Ближайшая ко мне дверь отворилась, и оттуда вышла женщина лет тридцати-сорока, плотная, широкоплечая, рыжая, с суровым простым лицом – менее романтичную или менее призрачную фигуру трудно было вообразить.
– Слишком много шума, Грейс, – сказала миссис Фэрфакс. – Не забывайте, какие вам даны распоряжения.
Грейс молча сделала книксен и затворила дверь.
– Она взята в дом швеей и помогает Лии с уборкой, – продолжала миссис Фэрфакс. – Нельзя сказать, чтобы она была безупречна во всем, но со своими обязанностями справляется. Да, кстати, как вы утром позанимались со своей новой ученицей?
Разговор перешел на Адель и продолжался, пока мы не добрались до залитого солнечным светом безмятежного нижнего этажа. Навстречу нам выбежала Адель, восклицая:
– Mesdames, vous êtes servies! – И добавила: – J'ai bien faim, moi![9]
Глава 12
Обещание спокойной и деятельной жизни, залогом которой, казалось, стало мое первое безоблачное знакомство с Тернфилдом, не обмануло и при продолжении этого знакомства. Миссис Фэрфакс оказалась именно такой, какой выглядела: доброй, в меру умной женщиной с мирным характером и хорошей домоправительницей. Моя ученица была бойкой девочкой, избалованной и иногда капризной. Но так как ее поручили всецело моим заботам и никто не вмешивался в мои планы ее воспитания, то вскоре прежние выходки были забыты и она стала послушной и прилежной. У нее не было ни блестящих способностей, ни оригинальности в характере, ни особой чувствительности или не по годам развитого вкуса – словом, ничего, что хотя бы на дюйм приподнимало ее над обычным уровнем детей ее возраста, но не было и никаких особых недостатков или дурных наклонностей, которые бы поставили ее ниже него. Она делала положенные успехи, питала ко мне живую, хотя, наверное, не очень глубокую привязанность и своей наивностью, веселой болтовней и стараниями заслужить похвалу вызвала у меня ответную симпатию, достаточную, чтобы нам обеим было приятно общество друг друга.

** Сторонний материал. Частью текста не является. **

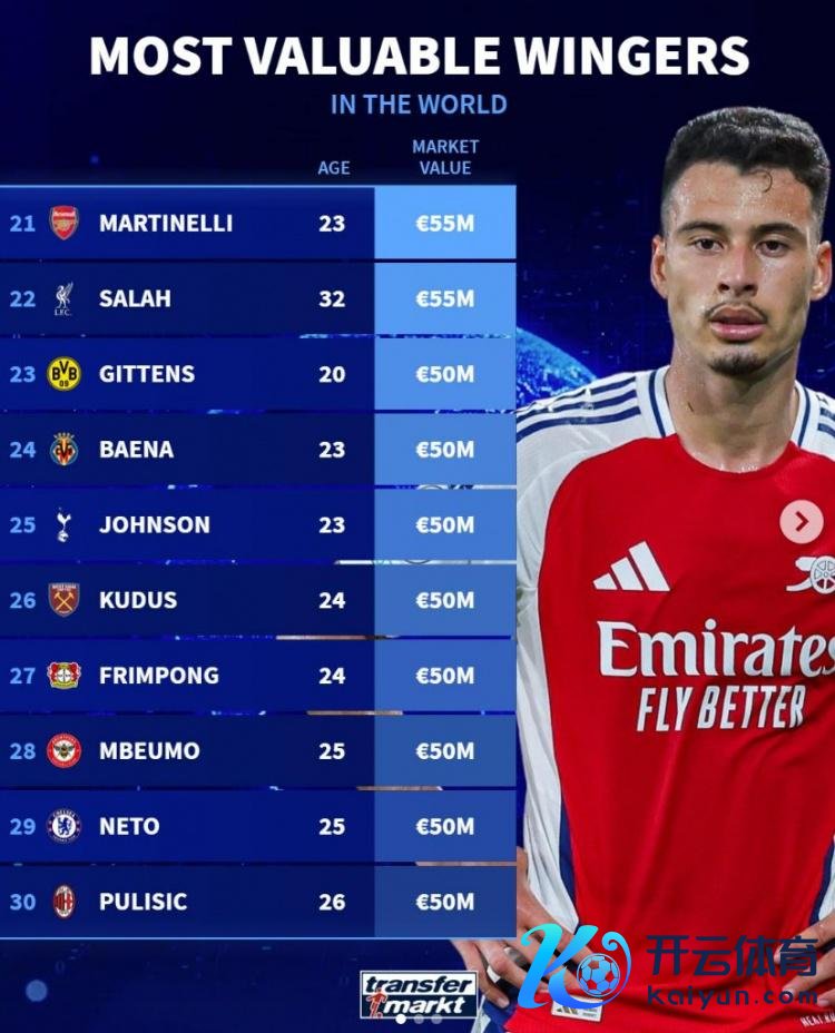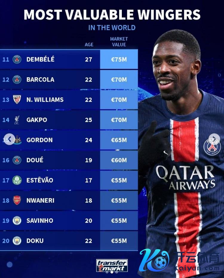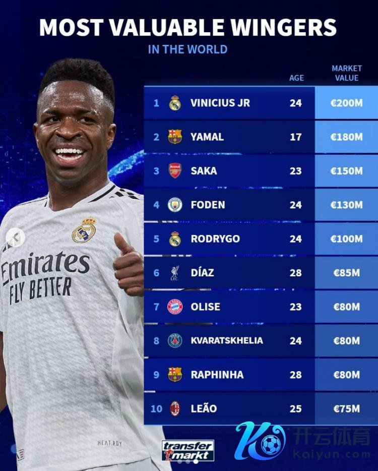 直播吧4月12日讯 德转盘货了寰宇边锋球员身价榜,其中维尼修斯2亿欧居首,次席,以下为具体榜单: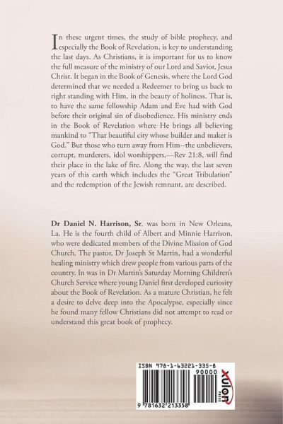 In these urgent times, the study of bible prophecy, and especially the Book of Revelation, is key to understanding the last days. As Christians, it is important for us to know the full measure of the ministry of our Lord and Savior, Jesus Christ. It began in the Book of Genesis, where the Lord God determined that we needed a Redeemer to bring us back to right standing with Him, in the beauty of holiness. That is, to have the same fellowship Adam and Eve had with God before their original sin of disobedience. His ministry ends in the Book of Revelation where He brings all believing mankind to "That beautiful city whose builder and maker is God." But those who turn away from Him--the unbelievers, corrupt, murderers, idol worshippers, --Rev 21:8, will find their place in the lake of fire. Along the way, the last seven years of this earth which includes the "Great Tribulation" and the redemption of the Jewish remnant, are described. Dr Daniel N. Harrison, Sr. was born in New Orleans, La. He is the fourth child of Albert and Minnie Harrison, who were dedicated members of the Divine Mission of God Church. The pastor, Dr Joseph St Martin, had a wonderful healing ministry which drew people from various parts of the country. In was in Dr Martin's Saturday Morning Children's Church Service where young Daniel first developed curiosity about the Book of Revelation. As a mature Christian, he felt a desire to delve deep into the Apocalypse, especially since he found many fellow Christians did not attempt to read or understand this great book of prophecy.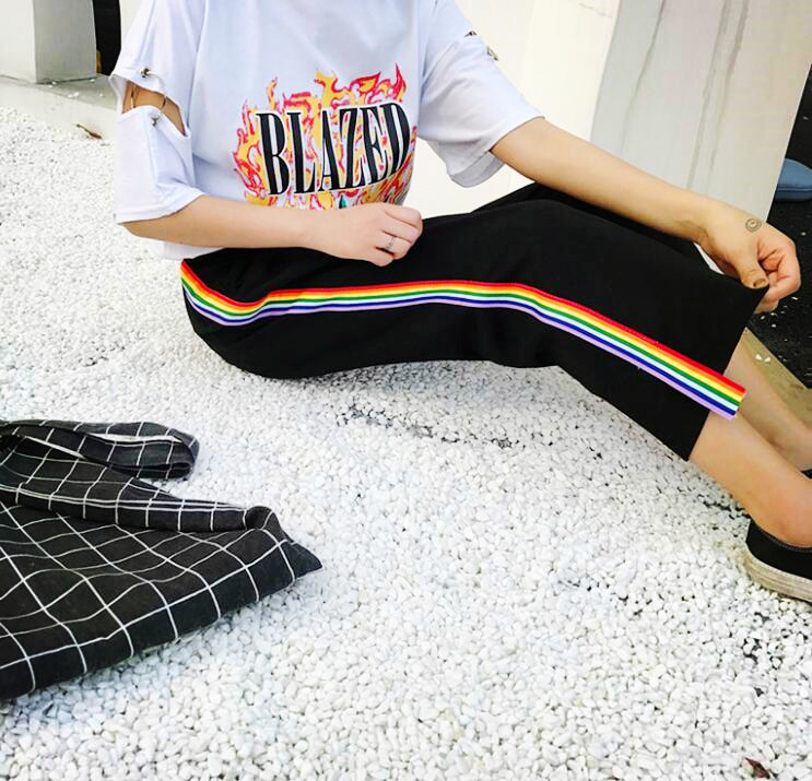 *Free Shipping* Rainbow Striped Casual Pants in Black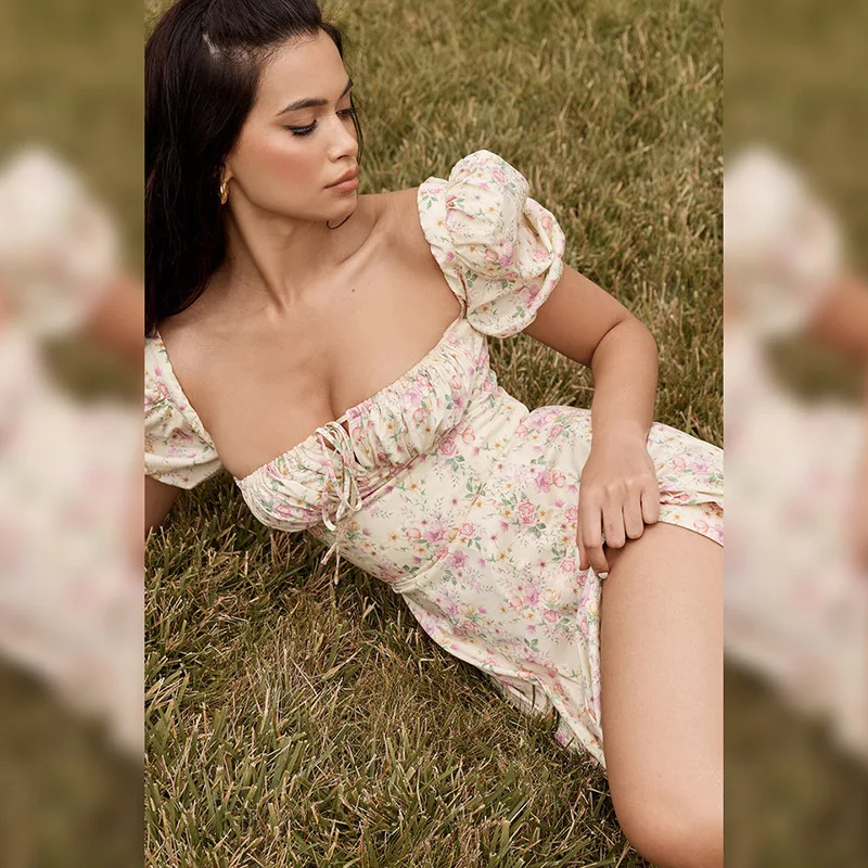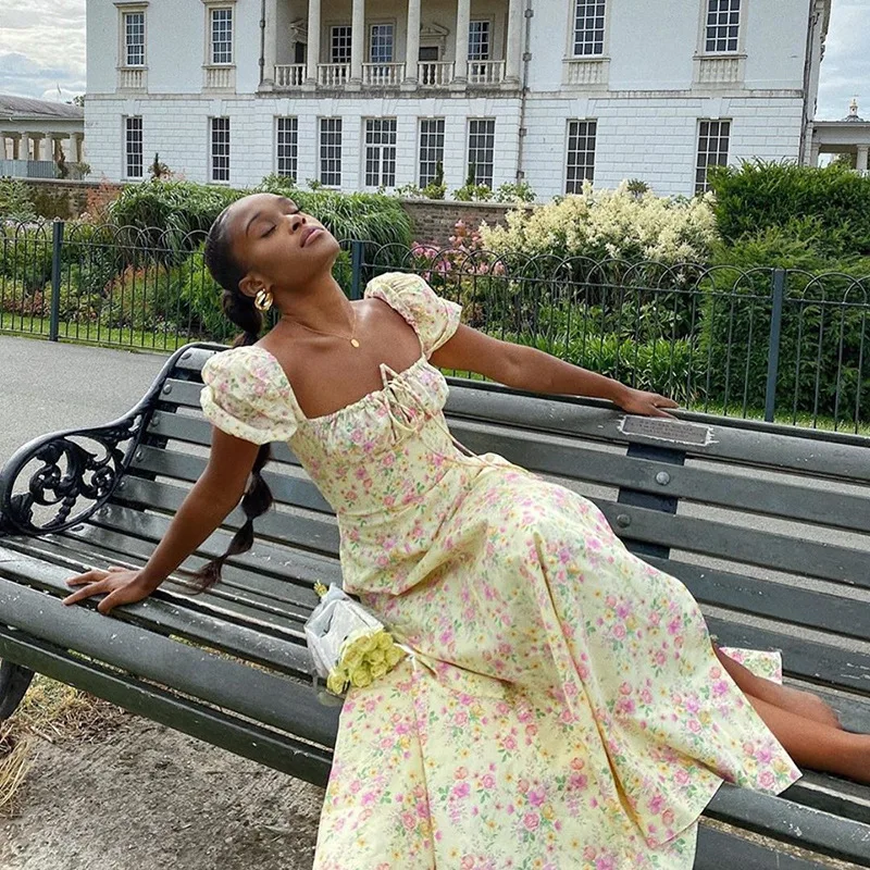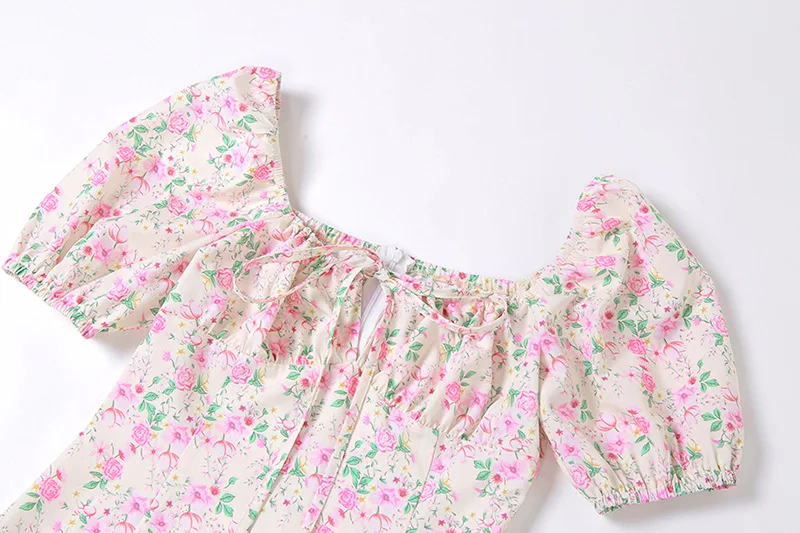 Женское винтажное платье Forefair, элегантное милое платье с короткими рукавами-фонариками и цветочным принтом, с квадратным вырезом, для осени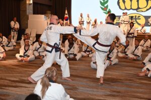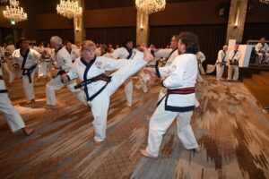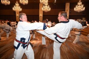 During the week of enduring training, all aspects of the art, including new principles and concepts are introduced to the candidates. All of the training is based on Moo Do principles handed down from the Founder, Hwang Kee, and those new principles that have been introduced by Kwan Jang Nim H. C. Hwang. Training is emphasized on Hyungs, Basic Ki Cho, and advanced training, history is reviewed and life as a Moo Do In is shared among the candidates, visiting members, and the senior leadership.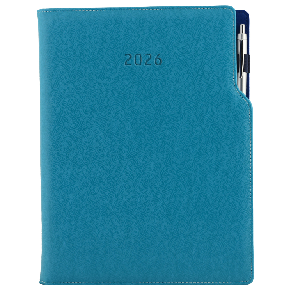 Diár GEP s perom týždenný A4 2026 polský - tyrkysová, modré vnútro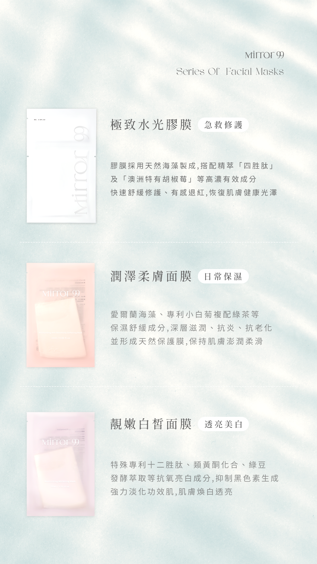 穩膚煥顏系列面膜 :修護1片+美白1片+保濕1片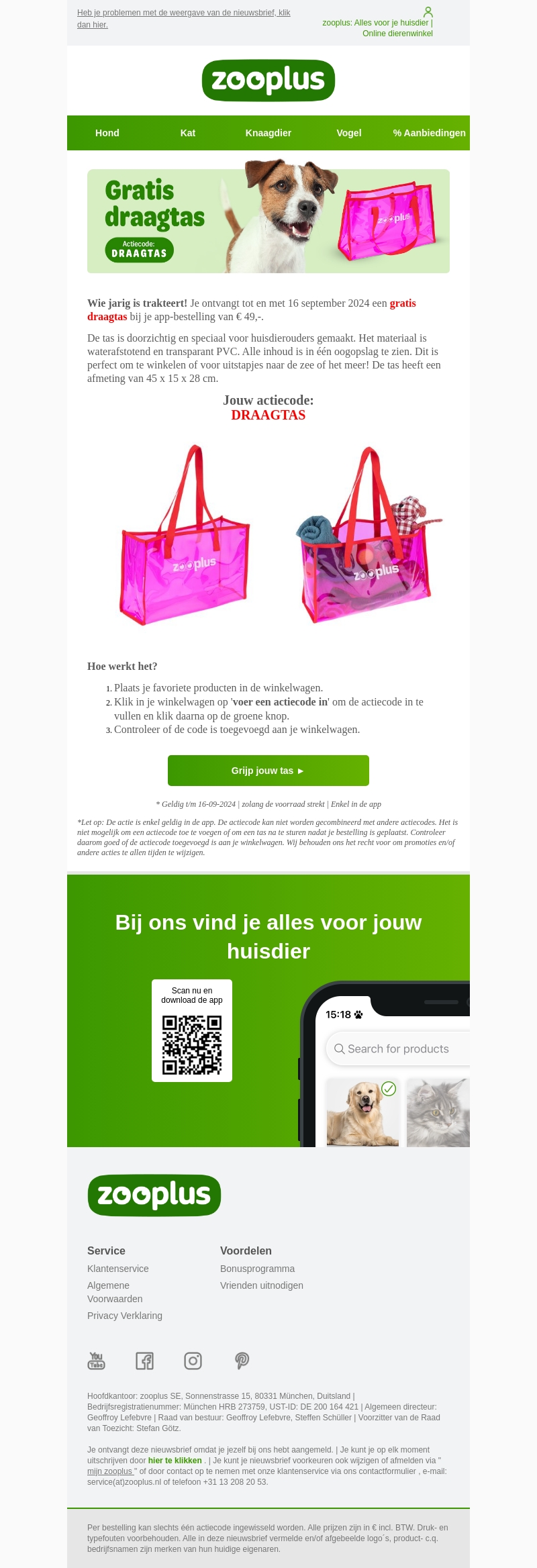 Zooplus trakteert! Ontvang tot en met 16 september 2024 een gratis draagtas bij je app-bestelling vanaf € 49,-. Deze transparante tas is perfect voor huisdieruitjes en boodschappensessies. Gebruik de code DRAAGTAS in je winkelwagen om de tas te claimen.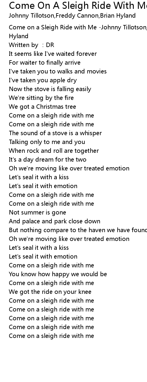 | [00:00.269] | Come on a Sleigh Ride with Me Johnny Tillotson Freddy Cannon Brian Hyland |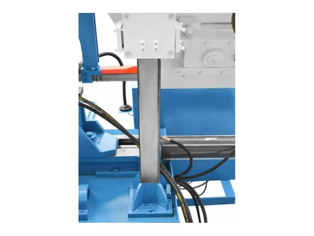 Гидравлическое натяжение ремня позволяет получить оптимальные условия работы ремня. Если пила ломается, машина останавливается автоматически. Точность направления ленты обеспечивают направляющие, состоящие из подшипников и вставок из спеченного карбида. Подвижная головка, направляющая ленту, устанавливается в зависимости от размеров разрезаемого материала, что повышает стабильность и точность работы ленты.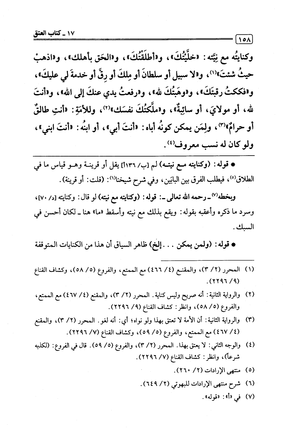 (¬3) والرواية الثانية: أن الأمة لا تعتق بهذا ولو نواه؛ أي: أنه لغو. المحرر (2/ 3)، والمقنع (4/ 467) مع الممتع، والفروع (5/ 59)، وكشاف القناع (7/ 2296).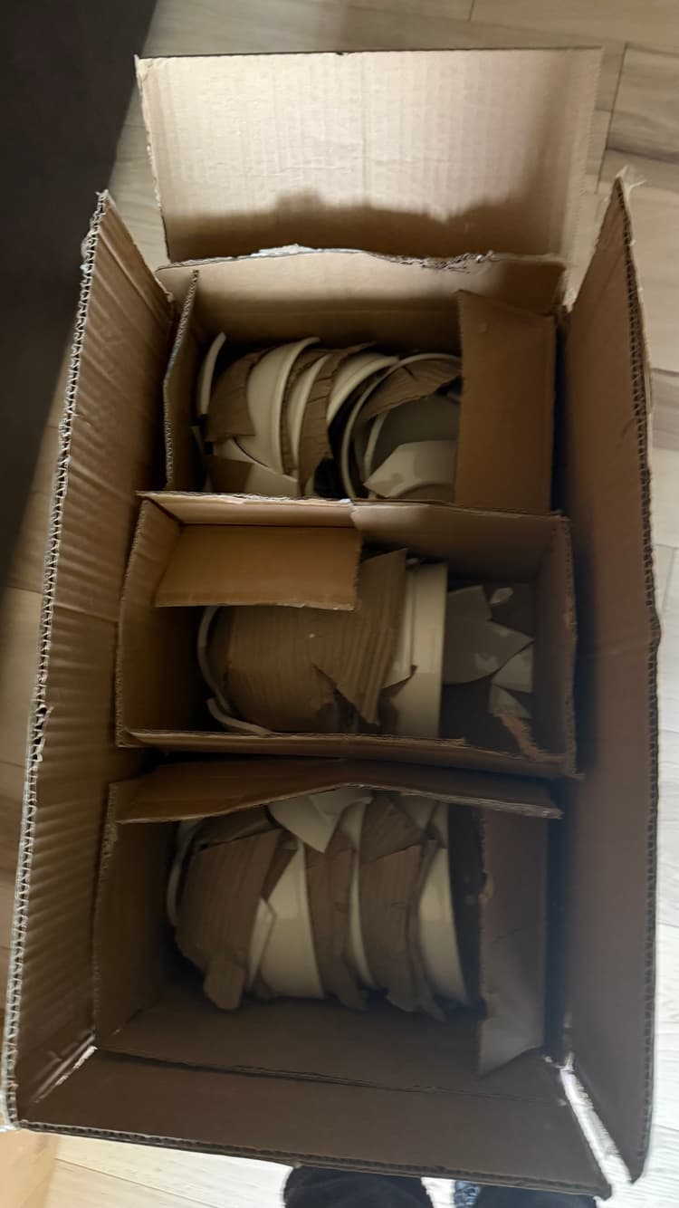 - Robert A. - April 29, 2024 - I ordered three cases and almost all arrived completely smashed. I cut my hands on the shards and breathed in a lot of ceramic dust trying to open these.
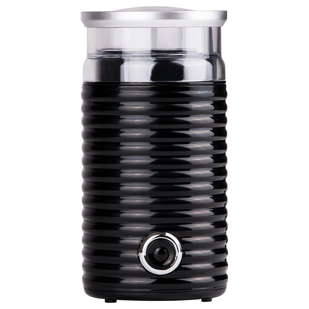 Помел та подрібнення кавових зерен, круп, трав або горіхів відбувається швидко та легко за допомогою цієї практичної машини. Незалежно від того, чи ви хочете випити свіжомеленого еспресо або подрібнити горіхи: прилад працює на потужному повністю автоматичному рівні потужністю 160 Вт і управляється за допомогою кнопки включення. Два міцні леза з нержавіючої сталі забезпечують хороші результати щоразу. Компактний розмір та сучасний дизайн кухонного пристрою дозволяє легко зберігати його на вашій кухні.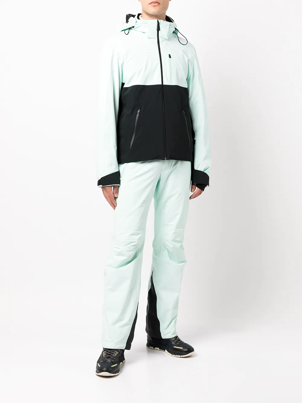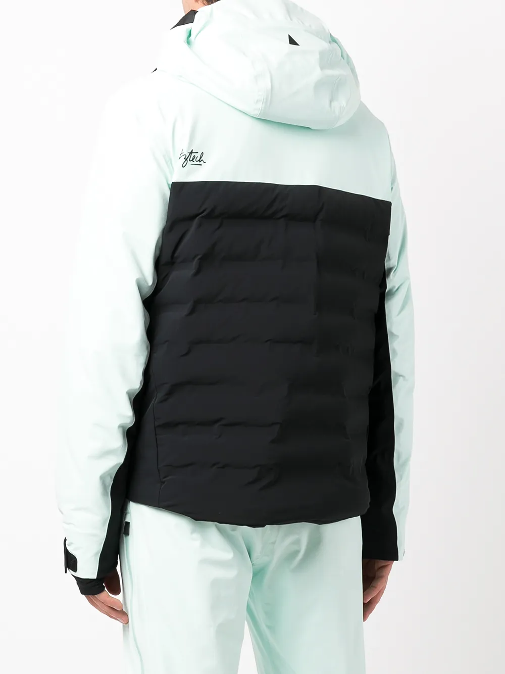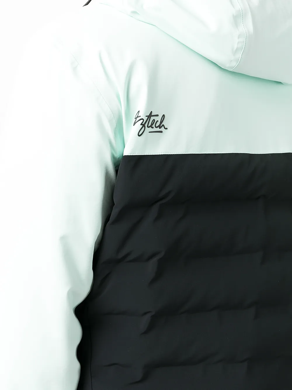 Стеганая отделка, стиль колор-блок, дутый материал, два кармана на молнии по бокам, застежка на молнии спереди, классический капюшон, длинные рукава, манжеты на липучках и прямой подол.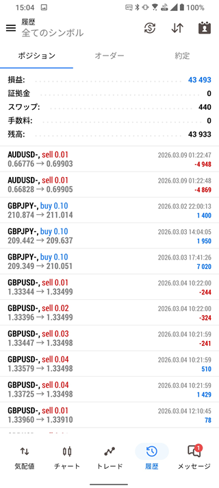4号機(MT5+無料EA自動売買)は+43,933円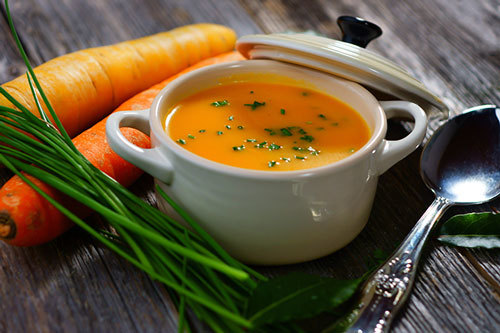 Mang màu vàng cam đặc sắc, cà rốt là nguồn beta carotene dồi dào. Beta carotene hỗ trợ tiết dịch nhầy trong cơ thể, yếu tố cần thiết cho cơ quan hô hấp và tiêu hóa hoạt động tốt, ngăn cản vi khuẩn xâm nhập vào các mạch máu. Nếu bé bị ốm, cho bé ăn súp cà rốt hầm sẽ giúp bé khỏe lại rất nhanh.

Мои слова, par parenthèse,[10] несомненно, сочтут весьма бездушными те, кто провозглашает торжественные доктрины об ангельской природе детей и почитает священной обязанностью их воспитателей относиться к ним с идолопоклонническим обожанием. Однако я пишу не для того, чтобы льстить родительскому эгоизму, повторять ханжеские слащавости или подтверждать лицемерные выдумки, но просто веду правдивый рассказ. Я добросовестно заботилась о здоровье и образовании Адели, учила ее и испытывала теплое чувство к милой девчушке, точно так же как питала благодарность к миссис Фэрфакс за ее доброту и удовольствие от ее общества, пропорциональную ее расположению ко мне и заурядности ее ума и характера.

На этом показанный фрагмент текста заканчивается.